The manuscript, An ensemble approach to accurately detect somatic mutations using SomaticSeq, was published in Genome Biology 2015, 16:197. The SomaticSeq project is located at
https://github.com/bioinform/somaticseq. There have been some major improvements in SomaticSeq since
that Genome Biology publication in 2015.
The wrapper script somaticseq/run_somaticseq.py and its parallelized cousin somaticseq_parallel.py can
1) train the call set into a classifier, 2) predict high-confidence somatic mutations from the call set based
on a pre-defined classifier, or 3) default to consensus mode, i.e., extract sequencing features and output the
TSV and VCF files, and then label the calls (i.e., PASS, LowQual, or REJECT) based on majority vote of
the tools.
1.1
Dependencies
• Python 3, plus pysam (v0.14.1), numpy (v1.14.3), and scipy (v1.1.0). The versions in parentheses are
in our docker images and validated to work, though other versions should work, too.
• R, plus the ada package in R.
• BEDTools (if inclusion and/or an exclusion region files are supplied, and/or running somaticseq_parallel.py instead of somaticseq/run_somaticseq.py)
• Optional: dbSNP in VCF format (if you want to use dbSNP membership as a part of the training).
• At least one of MuTect/Indelocator/MuTect2, VarScan2, JointSNVMix2, SomaticSniper, VarDict,
MuSE, LoFreq, Scalpel, Strelka2, TNscope, and/or Platypus. Those are the tools we have incorporated in SomaticSeq. If there are other somatic tools that may be good addition to our list, please
make the suggestion to us.
1.2
Docker images
SomaticSeq and the somatic mutation callers that we routinely use were dockerized.

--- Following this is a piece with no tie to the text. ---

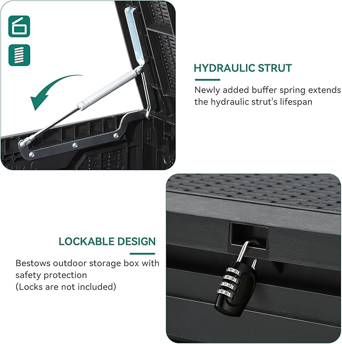 - Built to Last: Crafted from weather-resistant resin, these outdoor deck boxes are waterproof, rust-proof, UV-resistant, and fade-proof, making them ideal for long-term outdoor use in various climate conditions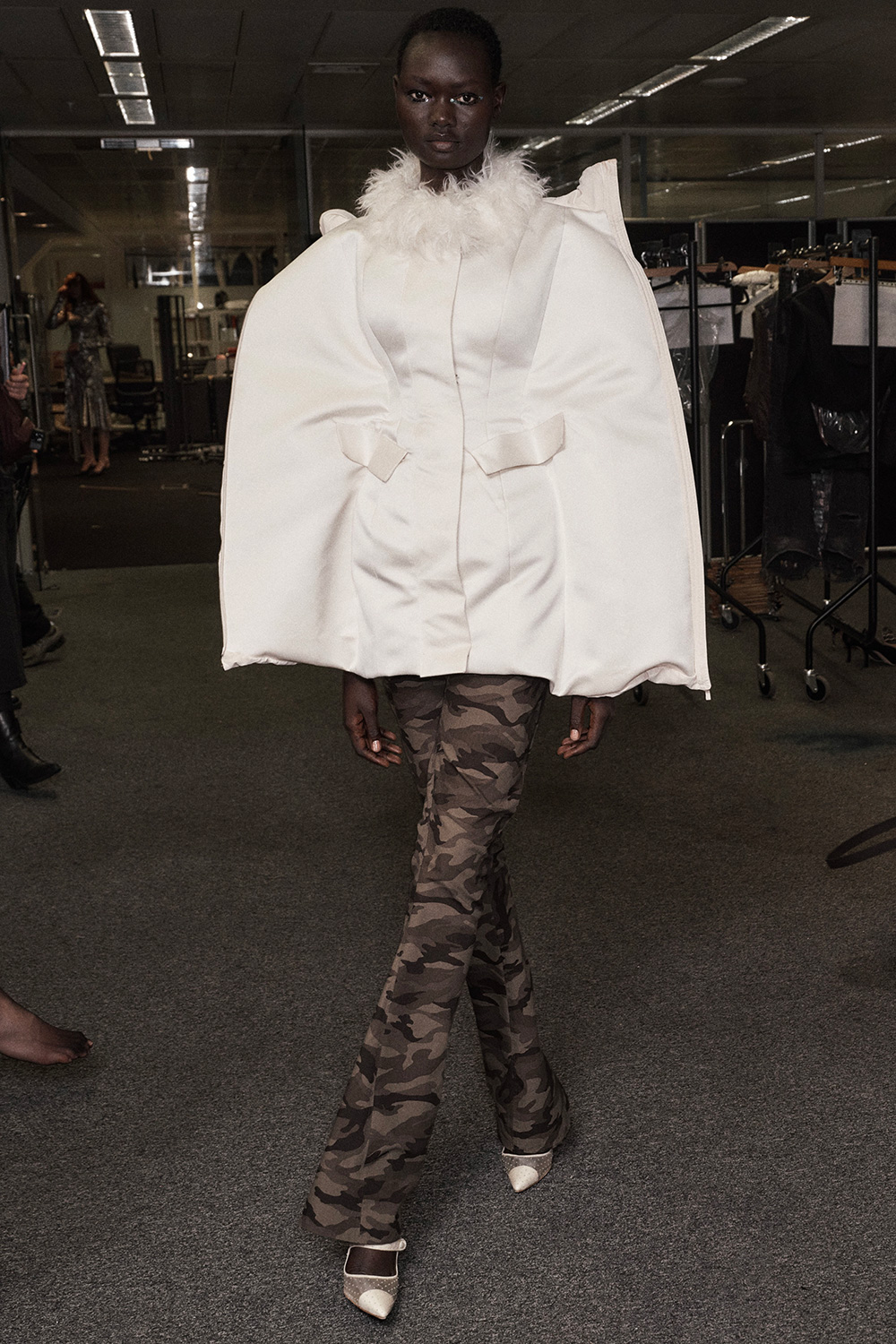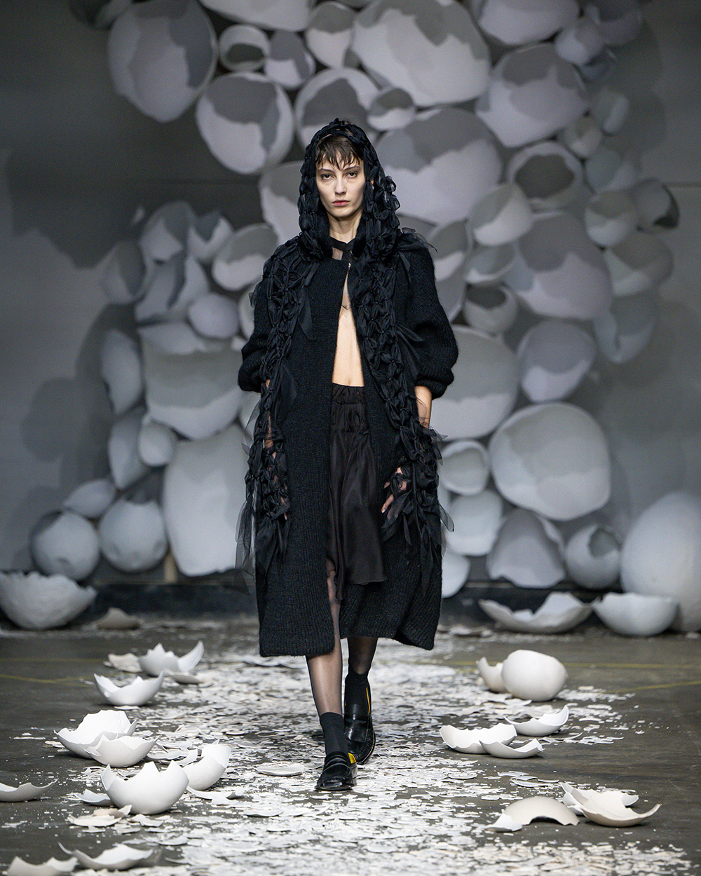 今季のロンドンを象徴するのは、20周年を迎えた「アーデム(ERDEM)」。ビクトリア朝のシルエットやロマンチックな刺しゅうといった「アーデム」のらしさ、または英国的な美的感覚を解体し、現代の文脈へと編み直していく—そんな「アーデム」のアティチュードにロンドンの独立系ブランドが目指すべき成熟の姿を見ることができました。

• SomaticSeq: https://hub.docker.com/r/lethalfang/somaticseq
• MuTect2: https://hub.docker.com/r/broadinstitute/gatk
• VarScan2: https://hub.docker.com/r/djordjeklisic/sbg-varscan2
• JointSNVMix2: https://hub.docker.com/r/lethalfang/jointsnvmix2
• SomaticSniper: https://hub.docker.com/r/lethalfang/somaticsniper
2
• VarDict: https://hub.docker.com/r/lethalfang/vardictjava
• MuSE: https://hub.docker.com/r/marghoob/muse
• LoFreq: https://hub.docker.com/r/marghoob/lofreq
• Scalpel: https://hub.docker.com/r/lethalfang/scalpel
• Strelka2: https://hub.docker.com/r/lethalfang/strelka
2
How to run SomaticSeq
The somaticseq/run_somaticseq.py calls a series of programs and procedures after you have run your individual somatic mutation callers, and somaticseq_parallel.py is a wrapper script that allows parallel processing. Section 5 will teach you how to run those mutation callers that we have been dockerized. It also
includes ways to create semi-simulated training data that can be used to create SomaticSeq classifiers. In
the next section, we will describe the workflow in this wrapper script in detail.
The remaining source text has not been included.